Voghe, Soragna vede i play off
VOGHERA. Il momento per il Voghera è difficile. Solo nove punti nel girone di ritorno e ora la zona play off dista cinque lunghezze. Poca lucidità e quindi poche gol segnati hanno portato i rossoneri a metà classifica. Gianluca Soragna ha segnato un solo gol in 12 gare: «Non è un periodo positivo, fatichiamo a creare azioni pericolose e a fare gol. Crediamo ancora nei play off». Da segnalare che la 12ª di ritorno, in programma l'1 aprile, è stata anticipa a sabato 31 marzo per garantire la partecipazione dei giocatori convocati al Torneo nazionale giovanile di Viareggio.
Dove è finita la bella realtà di fine andata?

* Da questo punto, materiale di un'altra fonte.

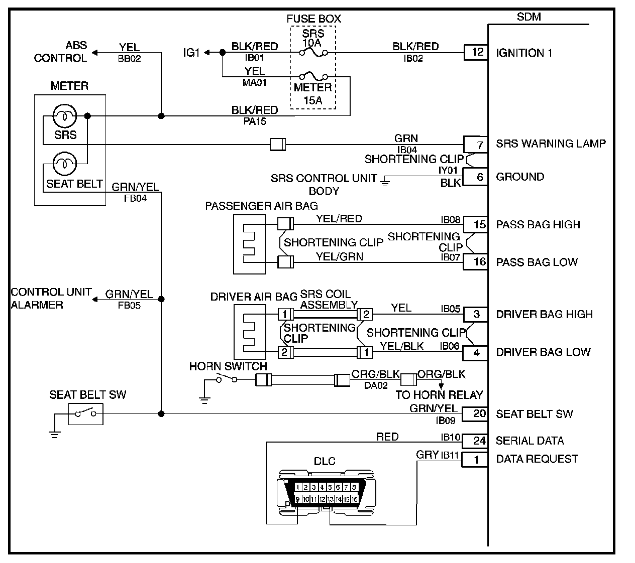 When the Sensing and Diagnostic Module (SDM) recognizes "ignition 1" voltage, applied to terminals "12", is greater than 9 volts, the "AIR BAG" warning lamp is flashed 7 times to verify operation. At this time the SDM performs "Turn-ON" tests followed by "Continuous Monitoring" tests. When a malfunction is detected, the SDM sets a current diagnostic trouble code and illuminates the "AIR BAG" warning lamp. The SDM will clear current diagnostic trouble codes and move them to a history file when the malfunction is no longer detected and/or the ignition switch is cycled, except for DTCs 51, 53 and 71. DTC 71 can only be cleared using a scan tool "Clear Codes" command in case that the malfunction on DTC 71 has been solved and no DTCs 51 and 53 were remained. DTCs 51, 53 and 71 can not be cleared after a "Clear Codes" command is issued.

«Non eravamo uno squadrone allora, e non siamo dei brocchi adesso. Siamo la via di mezzo. È un momento in cui non facciamo gol e fatichiamo ad avere occasioni nitide per segnare».
È soddisfatto della prova con il Canavese?
«Soddisfatto no, abbiamo perso. Non possiamo dire di avere giocato male. Il nostro portiere, eccetto il rigore, ha effettuato una sola parata su una mischia in area. A nostro favore c'erano due occasioni simili al loro penalty sul quale l'arbitro ha sorvolato. Contano anche i rigori, segnarli sono punti. Il Canavese non è la prima volta che beneficia di tali situazioni».
Tante volte l'arbitro Guida ha fischiato falli contro a lei e Guerrisi.
«Non capisco gli arbitraggi. Mi sembra strano che Guerrisi e io facciamo sempre fallo. Bisogna sapere valutare e non cascarci sempre».
La sua arma migliore è lo stacco di testa. La sua sterilità in zona gol è forse dovuta ai pochi cross?
«Tante volte arriviamo sul fondo e facciamo fatica a metterla dentro. Ultimamente creiamo anche poco».
Come è stata la traversa di domenica scorsa?
«Mariotti ha tirato ed è stata respinta sulla linea. Mi è arrivata la palla, avevo Spinelli che entrava in scivolata e un uomo sul palo. L'ho alzata e ho preso la traversa. Non l'ho digerito. Però non dobbiamo attaccarci alla sfortuna. In un'annata le situazione si bilanciano».
Qual è l'obiettivo del Voghera in questo momento?
«I play off rimangono alla portata, anche se siamo staccati di 5 punti. Abbiamo due scontri diretti con Alessandria e Vercelli. Il divario si può accorciare, però bisogna vincere. Quando bisogna contare sugli altri è difficile».
Ora è a 5: spera sempre di arrivare in doppia cifra?
«Si, altrimenti sarebbe deludente. Le partite diminuiscono; diventano tutte finali per noi. È complicato, ci crediamo anche se penso che la nostra rosa, rispetto alle avversarie dirette è più ristretta».
Domenica c'è il Castelletto, gara d'esordio d'andata per Soragna che arrivava dalla Biellese.
«Allora avevamo 11 punti e abbiamo concluso l'andata a 27. Avevamo giocato bene e vinto, dico che si può fare».